Groupthink, credential fetishism and the Sorbonne mentality have turned national newsrooms into stale echo chambers. For all its self-aggrandizing paeans to "diversity," mainstream American journalism remains one of the most intellectually and ideologically monochrome sectors of the public square.
Territorial liberal journalism gurus have attempted to de-legitimize unorthodox practitioners of their trade by redefining "journalism" based on content. If a conservative writer breaks news harmful to their presidential pick or contrary to their worldview, it's a "hit piece," not investigative reporting. If a conservative website interviews newsmakers or provides original legislative analysis, it's "propaganda," not explanatory or expository journalism. Thus, the myth that conservatives don't "do journalism" persists. By their definition, we never can.
Joe the Plumber's new gig is an affront to the Fraternal Order of The Professional Journalist because it underscores hard truths: An Ivy League journalism degree does not a truth-teller make. International war broadcasting experience does not a truth-seeker make. Look at Pulitzer Prize-winning Washington Post fabulist Janet Cooke. Or New York Times fiction writer Jayson Blair. Or Boston Globe fabricators Patricia Smith and Mike Barnicle. Or former CBS News Captain Queeg Dan Rather.
Or closer to the action in Gaza, witness the veteran editors of Reuters photographer Adnan Hajj, who succeeded in peddling Photoshopped images of fake smoke billows and flares over Beirut in 2006 before bloggers blew the whistle.
Or consider the Hamas sympathizers at France 2. The international TV network was forced to apologize this week for its false story on Israel's military operations.
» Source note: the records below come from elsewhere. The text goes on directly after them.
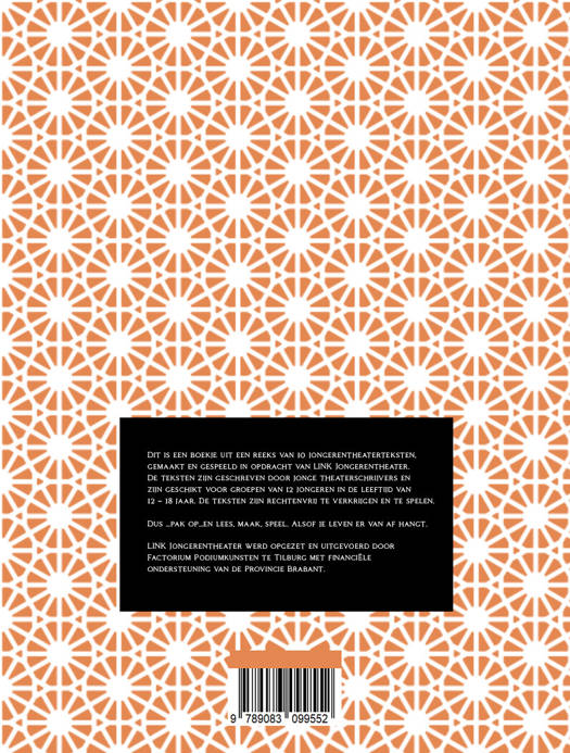 Dit is een boekje uit een reeks van 10 jongerentheaterteksten, gemaakt en gespeeld in opdracht van LINK Jongerentheater. De teksten zijn geschreven door jonge theaterschrijvers en zijn geschikt voor groepen van 12 jongeren in de leeftijd van 12 – 18 jaar. De teksten zijn rechtenvrij te verkrijgen en te spelen.
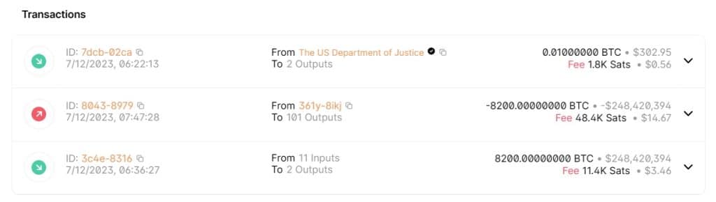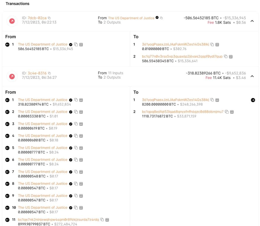 กระเป๋าเงิน cryptocurrency ที่เกี่ยวข้องกับกระทรวงยุติธรรมของสหรัฐอเมริกา (DOJ) ได้มีการย้าย Bitcoin ประมาณ 9,825.25 BTC จากการยึดมาจาก Silk Road มูลค่าประมาณ 299 ล้านดอลลาร์ในการทำธุรกรรมหลายรายการในวันที่ 12 กรกฎาคม
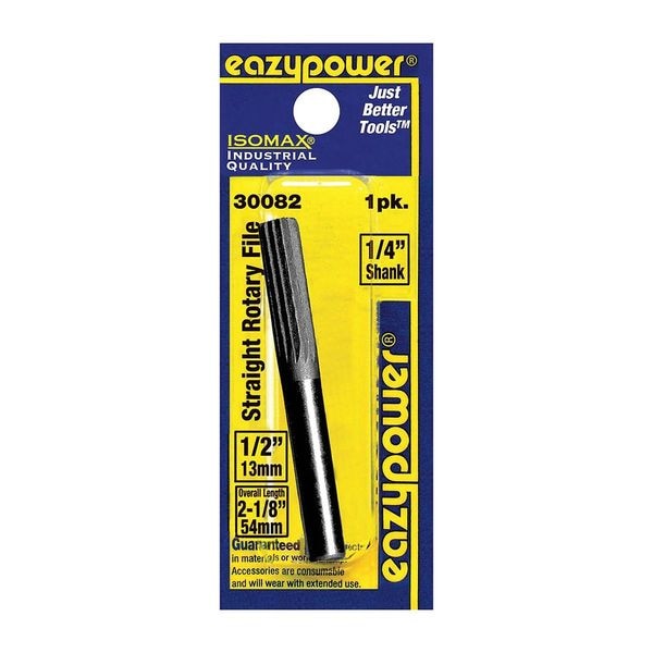 Rotary File, Rotary Tool Accessory Type Rotary File, Bit Material Alloy Steel, Shape Cylinder, Max. Speed 2,500 RPM, Shank Diameter 1/2 in, Mount Type Mounted, Overall Length 2 1/8 in, Burr Diameter 1/2 in, Head Length 1 in, Head Width 1/4 in, Material Application Bronze, Iron, Mild Steel, Plastic, Soft Metal, Wood
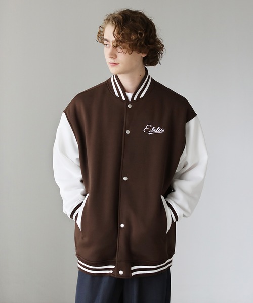 参考商品名:袖切替胸ワンポイントロゴスウェットスタジャン
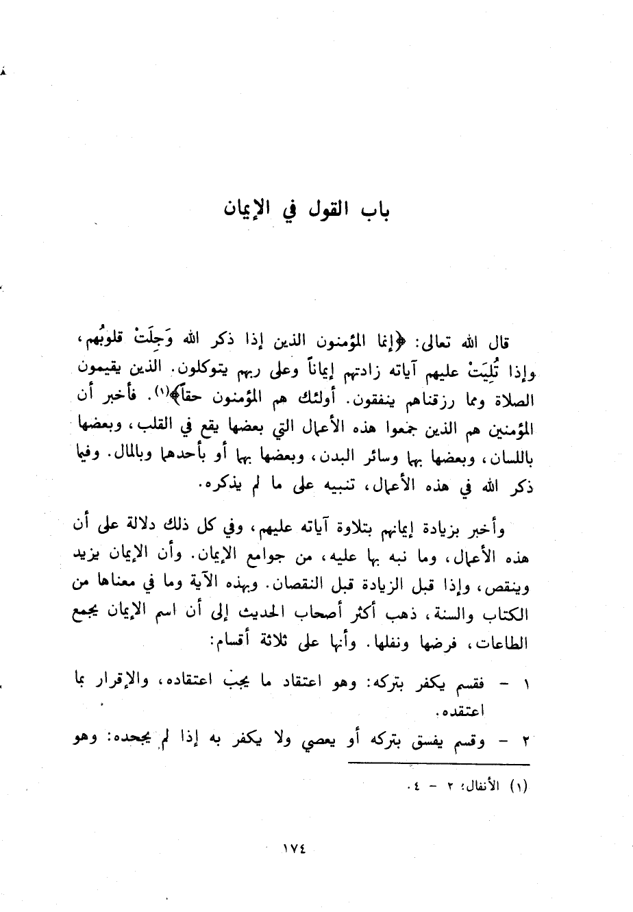 §بَابٌ الْقَوْلُ فِي الْإِيمَانِ قَالَ اللَّهُ تَعَالَى إِنَّمَا الْمُؤْمِنُونَ الَّذِينَ إِذَا ذُكِرَ اللَّهُ وَجِلَتْ قُلُوبُهُمْ وَإِذَا تُلِيَتْ عَلَيْهِمْ آيَاتُهُ زَادَتْهُمْ إِيمَانًا وَعَلَى رَبِّهِمْ يَتَوكَّلُونَ الَّذِينَ يُقِيمُونَ الصَّلَاةَ وَمِمَّا رَزَقْنَاهُمْ يُنْفِقُونَ أَوْلَئِكَ هُمُ الْمُؤْمِنُونَ حَقًّا فَأَخْبَرَ أَنَّ الْمُؤْمِنِينَ هُمُ الَّذِينَ جَمَعُوا هَذِهِ الْأَعْمَالَ الَّتِي بَعْضُهَا يَقَعُ فِي الْقَلْبِ وَبَعْضُهَا بِاللِّسَانِ وَبَعْضُهَا بِهِمَا وَسَائِرِ الْبَدَنِ، وَبَعْضُهَا بِهِمَا أَوْ بِأَحَدِهِمَا وَبِالْمَالِ، وَفِيمَا ذَكَرَ اللَّهُ فِي هَذِهِ الْأَعْمَالِ تَنْبِيهٌ عَلَى مَا لَمْ يَذْكُرُهُ، وَأَخْبَرَ بِزِيَادَةِ إِيمَانِهِمْ بِتِلَاوَةِ آيَاتِهِ عَلَيْهِمْ، وَفِي كُلِّ ذَلِكَ دَلَالَةٌ عَلَى أَنَّ هَذِهِ الْأَعْمَالَ وَمَا نَبَّهَ بِهَا عَلَيْهِ مِنْ جَوَامِعِ الْإِيمَانِ، وَأَنَّ الْإِيمَانَ يَزِيدُ وَيَنْقُصُ وَإِذَا قَبِلَ الزِّيَادَةَ قَبِلَ النُّقْصَانَ، وَبهَذِهِ الْآيَةِ وَمَا فِي مَعْنَاهَا مِنَ الْكِتَابِ وَالسُّنَّةِ ذَهَبَ أَكْثَرُ أَصْحَابِ الْحَدِيثِ إِلَى أَنَّ اسْمَ الْإِيمَانِ يَجْمَعُ الطَّاعَاتِ فَرْضِهَا وَنَفْلِهَا وَأَنَّهَا عَلَى ثَلَاثَةِ أَقْسَامٍ: 1 - فَقِسْمٌ يَكْفُرُ بِتَرْكِهِ، وَهُوَ اعْتِقَادُ مَا يَجِبُ اعْتِقَادُهُ وَالْإِقْرَارُ بِمَا اعْتَقَدَهُ. 2 - وَقِسْمٌ يَفْسُقُ بِتَرْكِهِ أَوْ يَعْصِي وَلَا يَكْفُرُ بِهِ إِذَا لَمْ يَجْحَدْهُ وَهُوَ
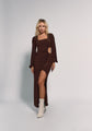 Vestido largo con un diseño ajustado y detalles que lo hacen elegante y moderno. Tiene un corte asimétrico en la parte inferior, con una abertura lateral que expone la pierna de manera llamativa. En la zona de la cintura, cuenta con un detalle de fruncido que crea un efecto visual interesante, además de un recorte en uno de los costados que añade un toque atrevido. Las mangas son largas y ligeramente abullonadas, con puños ajustados. El cuello es de escote cuadrado.
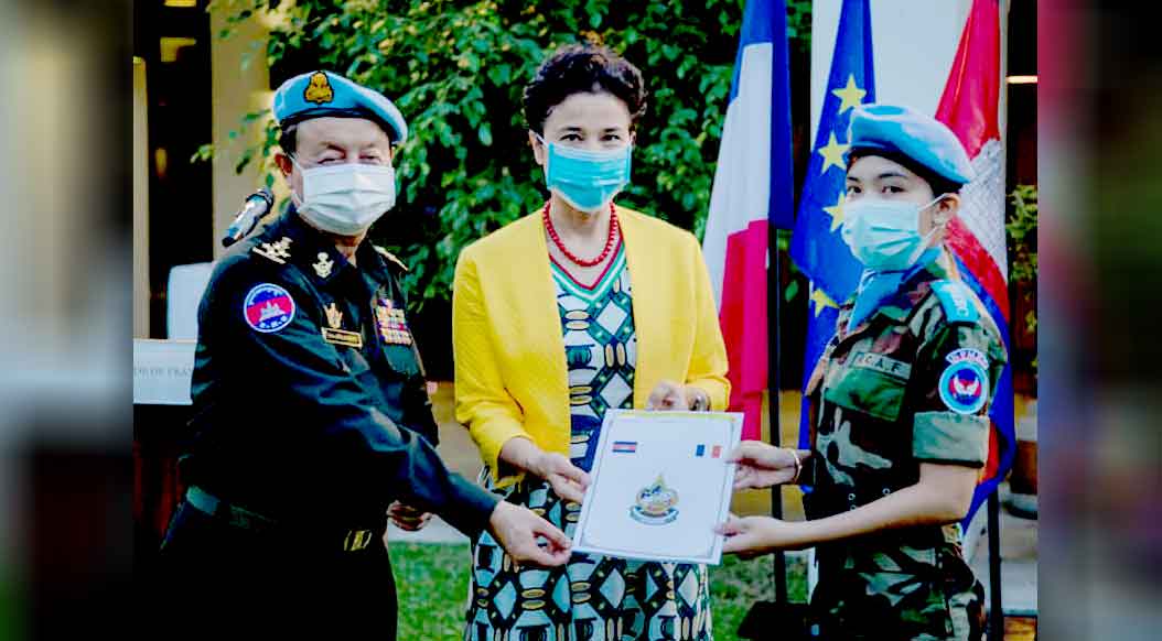 ភ្នំពេញ ៖ កាលពីល្ងាចថ្ងៃទី២៦ ខែវិច្ឆិកា ឆ្នាំ២០២០ ទាហាននៃកងយោធពលខេមរភូមិន្ទចំនួនជាង១០០នាក់ បានចូលរួមពិធីប្រគល់សញ្ញាបត្រភាសាបារាំង នៅស្ថានទូតបារាំងប្រចាំកម្ពុជា ក្រោមអធិបតីភាពលោកស្រីអេវ៉ា ង្វៀនប៊ិញ ឯកអគ្គរដ្ឋទូតបារាំង ប្រចាំកម្ពុជា ។
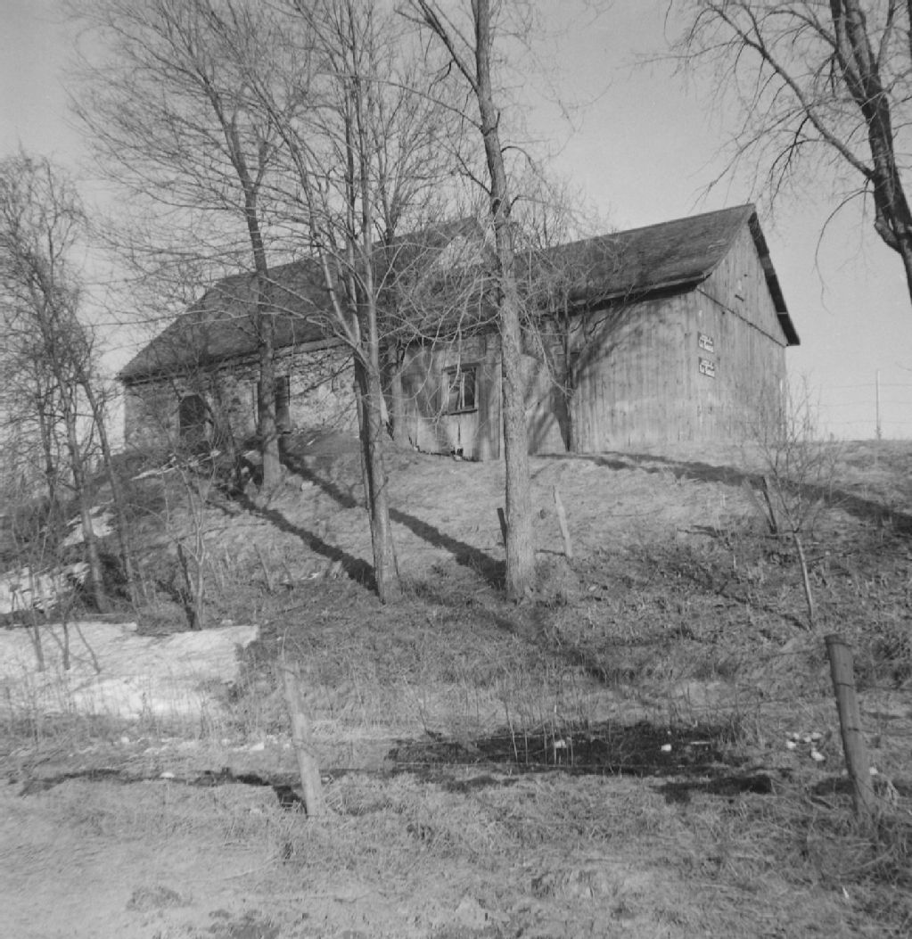 Sault-au-Récollet. Île de Montréal - Maisons - Habitation en pierre et remise en bois sur un coteau à l'est du village, 1947, Archives nationales à Québec, Fonds ministère de la Culture et des Communications, (03Q,E6,S8,SS1,SSS747,D4643), Gérard Morisset.

Independent French bloggers showed that France 2 used an old 2005 amateur video of Palestinian casualties from an accidental Hamas truck explosion and passed it off as current footage demonstrating the violence in Gaza. France 2 was the same professional media outlet that aired a bogus September 2000 report blaming the Israeli army for the shooting death of a Palestinian boy, Mohammed al-Dura.
Joe the Plumber-Turned-Reporter can't do any more to harm journalistic credibility than the "credible journalists" have already done.